K. Nandagopal

Personal information
- Born: Nandagopal Kidambi 26 December 1991 (age 34) Guntur, Andhra Pradesh, India

Sport
- Country: India
- Sport: Badminton
- Handedness: Right

Men's & mixed doubles
- Highest ranking: 162 (MS) 3 May 2012 78 (MD) 24 November 2016 97 (XD) 25 January 2018
- BWF profile

= Nandagopal Kidambi =

Indian badminton player (born 1991)

Nandagopal Kidambi (born 26 December 1991) is an Indian badminton player who competes in men's and mixed doubles.

==Personal life==
He is the elder brother of Srikanth Kidambi, also an Indian international badminton player.

==Career==
Nandagopal won the mixed doubles title at the 2013 Maldives International (International Challenge) partnering K. Maneesha. The same year he won the men's doubles at the Bahrain International (International Series) with V. Diju and was runner-up at the Bahrain International Challenge, both finals against K. T. Rupesh Kumar / Sanave Thomas. Earlier, he had been men's doubles runner-up at the 2012 Bahrain International Challenge with Jishnu Sanyal.

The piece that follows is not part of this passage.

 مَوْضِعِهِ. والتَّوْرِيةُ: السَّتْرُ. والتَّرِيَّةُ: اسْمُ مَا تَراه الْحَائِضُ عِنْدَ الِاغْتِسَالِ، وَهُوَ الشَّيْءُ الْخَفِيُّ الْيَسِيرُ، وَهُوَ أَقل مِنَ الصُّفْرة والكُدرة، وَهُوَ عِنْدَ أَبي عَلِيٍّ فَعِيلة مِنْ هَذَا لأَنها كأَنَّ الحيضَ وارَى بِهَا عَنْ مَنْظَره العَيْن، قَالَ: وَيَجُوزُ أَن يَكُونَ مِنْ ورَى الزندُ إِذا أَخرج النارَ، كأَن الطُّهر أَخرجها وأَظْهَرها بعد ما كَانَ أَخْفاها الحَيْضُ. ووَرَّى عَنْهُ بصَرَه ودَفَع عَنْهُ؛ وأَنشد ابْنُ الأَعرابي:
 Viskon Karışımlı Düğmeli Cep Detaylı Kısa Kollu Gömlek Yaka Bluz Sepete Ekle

In 2017, he completed a "double" at the Kharkiv International (Ukraine), winning the men's doubles with Rohan Kapoor and the mixed doubles with Mahima Aggarwal, and was mixed doubles runner-up at the Malaysia International Series with Aggarwal. In 2018 he won the men's doubles crown at the Iran Fajr International Challenge alongside Alwin Francis.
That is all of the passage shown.